Alessandro está "tranquilo", haciendo una vida "normal". Entre Madrid y Pontevedra, adonde le encanta escaparse cada cierto tiempo. El conde italiano en nada ha cambiado su rutina, salvo porque ya no lo recoge ningún coche de producción para llevarlo a la cadena de Fuencarral.

"Juega al golf, hace deporte y sigue conservando los mismos amigos de siempre, con los que pasa buenos ratos", informa a EL ESPAÑOL una fuente. Se insiste en la idea de que Dado, como lo conoce su entorno, sigue respaldado por el mismo entorno de siempre.

Sobre esa idea, la persona con la que se contacta desliza: "Sigue en contacto con los compañeros del programa". Se hace referencia a El programa de Ana Rosa y Vamos a ver, los dos últimos espacios en los que colaboró. Mención aparte merece su amistad con Ana Rosa (70).

Alessandro Lequio, en una instantánea captada en Madrid, en 2023. Gtres

La relación entre Alessandro y Ana Rosa nace en los primeros años 2000, cuando él pasa de los platós nocturnos y del corazón a instalarse como tertuliano fijo en El programa de Ana Rosa.

Con el tiempo, el vínculo profesional se convierte en una amistad estrecha: ella es madrina de su hija Ginevra y Lequio la ha definido en público como una persona clave en su vida, especialmente en los momentos más duros, como la enfermedad y muerte de su hijo Álex.

Ana Rosa, por su parte, ha reivindicado en más de una ocasión esa cercanía personal -"Alejandro primero es amigo mío, soy la madrina de su hija, quiero a su mujer, a María"-, y ha salido en su defensa cuando ha estado en el centro de polémicas.

Volviendo al día a día del que fue pareja sentimental de la actriz Ana García Obregón (70), se explica que hay un pasatiempo que le llena y motiva especialmente en este tiempo en que goza de más libertad: cuidar y atender a su hija, Ginevra.

Alessandro, en una de sus útlimas apariciones en televisión.

Alessandro está pendiente de su pequeña y la acompaña al colegio. Se turna en esta tarea con su mujer, María Palacios (48). "Es un padrazo con Ginevra y pasa con ella todo el tiempo que no pudo con Álex y con Clemente, por diferentes razones", se hace constar.

¿Extraña la tele?, pregunta este medio. "Lógicamente, debe echarla a faltar, pero Alessandro es un hombre cultísimo, que tiene un gran mundo interior y nunca va a sentir ningún vacío".

En otro orden de cosas, la relación actual entre el italiano y García Obregón es buena y correcta y fluida. En realidad, casi siempre ha sido así, salvo algunos momentos puntuales en relación al malogrado hijo que tuvieron en común. "Él no quiere guerras".

"Y mucho menos con Ana. La adora y sabe su calidad de madre. Siempre la ha protegido, y le ha quitado hierro a algunas cosas y gestiones públicas de ella", informa quien lo sabe.

El gran apoyo de María

María Palacios se ha mantenido siempre en primera línea a la hora de defender públicamente a Alessandro Lequio, y lo ha hecho con especial contundencia tras su despido de Mediaset.

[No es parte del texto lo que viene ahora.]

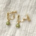 とろりと流れるメタルと、ツヤ消しマットな鶯(うぐいす)色パール1粒イヤリング No.C816

En su entrevista en ¡HOLA!, rompió un silencio de décadas para subrayar que su marido "nunca ha sido ni juzgado ni condenado".

"Ni por malos tratos ni por ningún otro delito", agregó. Afirmó al cabo: "Llevamos juntos una vida y jamás he vivido ningún ápice de violencia", reivindicando que, si ahora "solo vale la palabra de una mujer", también debería valer la suya, basada en casi treinta años de convivencia.

Palacios insistió en que habló "desde la vida compartida, desde la experiencia diaria", y se presentó como el principal apoyo de Lequio en sus horas más bajas.

Su historia de amor arranca a finales del verano de 1999, cuando se conocieron en un evento en Mallorca: ella tenía 22 años, él 39 y una larga lista de relaciones mediáticas a sus espaldas, algo que generó recelos en la familia de María.

A pesar de esas reservas iniciales, la relación se consolidó hasta la boda, celebrada en noviembre de 2008 en el antiguo monasterio de Santa María de Sacramenia (Segovia), y se reforzó con el nacimiento en 2016 de su hija Ginevra Ena.

Tras más de 25 años juntos, Palacios describe a Lequio como "la única persona con la que puedo hablar estando en silencio".